Теперь можно окинуть взглядом этот громадный, растянувшийся почти на целое десятилетие труд. Итак, у власти стоят три совершенно разных человека. Неограниченный произвол Ивана Грозного ослабляет страну. Правдивый, честный, но слабый Федор «хотел добра... все согласить, все сгладить» и оказывается затолканным толпой воспрянувших честолюбцев. Умный, государственно мыслящий, волевой Борис Годунов становится жертвой собственного преступления, сводящего на нет в глазах народа все его заслуги. Смутное время грядет, и в трилогии уже заложено понятие о разрушительных силах, которые вырвутся на волю в период междувластья.

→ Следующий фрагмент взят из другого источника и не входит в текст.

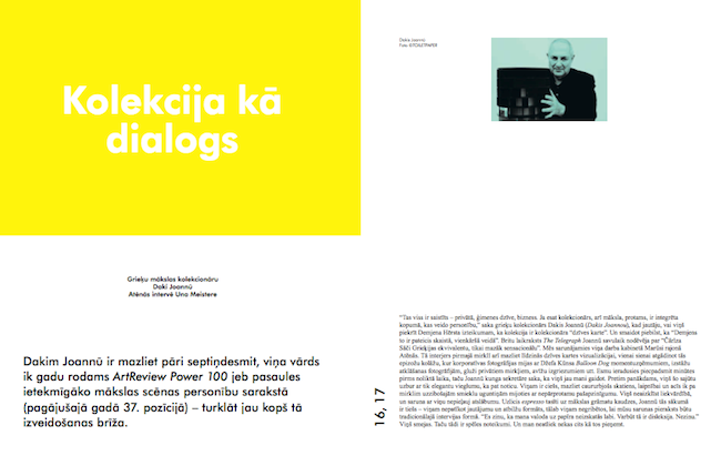 Žurnālā lasāma saruna ar norvēģu mākslas kolekcionāru un viesnīcu īpašnieku Peteru Stūrdālēnu, kura ambīcijas, eksponējot mākslu savās viesnīcās, ir mudināt cilvēkus aizdomāties. Norvēģu miljardiera Kristiana Ringnēsa iniciētais Ēkebergas skulptūru parks radies no vēlmes kaut ko atdot atpakaļ Oslo – “pilsētai, kuru es mīlu un kura man sniegusi tik brīnišķīgas dzīves un lieliskas profesionālās karjeras iespēju”. Savukārt vācu mākslas kolekcionāres Ingvildas Gecas ap pieciem tūkstošiem mākslas darbu ietilpīgā kolekcija Sammlung Goetz ir attīstījusies pārsvarā no saskarsmes ar jauniem māksliniekiem, daudzi no kuriem atradušies sava ceļa sākumā. Grieķu mākslas kolekcionārs Dimitris Daskalopūls, kas pazīstams ne tikai kā īpašnieks vienai no mūsdienu konceptuāli spēcīgākajām laikmetīgās mākslas kolekcijām, bet arī kā viena no ietekmīgākajām personībām šībrīža mākslas ainā kopumā, savu kolekciju uzskata par krātuvi: “Tā ir pieejama muzejiem, var tikt aizdota – es dalos tajā, cik vien iespējams.” Itāļu modes leģenda Lučano Benetons žurnālā stāsta par savu ambiciozo Imago Mundi projektu, kuru veido 19 mazformāta mākslas kolekcijas no 38 valstīm un kura mērķis ir atgādināt, ka idejas, nozīmes un iedvesma nav monopols – tās radušas mijiedarbībā un komunikācijā Rietumiem ar Austrumiem, Ziemeļiem ar Dienvidiem, krustojoties pasaules kultūru pieredzēm.

Выходит, Россия - страна, которая непрерывно катится в пропасть, и какой бы правитель ни приходил к власти, все будет плохо. Так почему же она так и не скатилась в эту пропасть, а выходила из всех бедствий с новым самосознанием, которое позволяло ей в кратчайший срок становиться еще более могущественной? Ответ может быть лишь один - велик русский человек! У Толстого он многолик, психологически необычайно сложен, сметлив, предприимчив. Иван Грозный, Годуновы, Шуйские, Захарьин, Вельский, Сицкий, Битяговский, Кикин, царь Федор, Луп-Клешнин, Богдан Корюков, царица Мария, Мария Годунова, Ирина, Василиса Волохова... Это далеко не все герои и персонажи трилогии, и каждый из них наделен Толстым печатью неповторимости. Пусть ему не нравятся очень многие из его персонажей, пусть каждый из них себе на уме... Вот только что Толстой написал в Берлине стихи на немецком языке: «Гордо шествуют пруссаки. Одно удовольствие смотреть на них: сзади сверкают затылки, впереди сплошная грудь... Они предписывают нам свой кодекс, они творят немецкую историю! И каждая прусская задница считает себя лицом!» В этом нет никакого унижения для немецкого народа, о гении которого Толстой говорил неоднократно. Дело в психологии, в единообразии мышления, в дисциплине, в любви к порядку, которая давала немецкой нации жизнеспособность и силу. Но нет ли силы и в видимом отсутствии порядка у русских людей, столь разнообразных, столь самостоятельно мыслящих? Когда они складываются в народ, то иной раз минусы, помноженные на минусы, дают плюсы, что в конце концов приводит в недоумение здравомыслящих немцев и других иностранцев, мучительно старающихся разгадать «русскую загадку».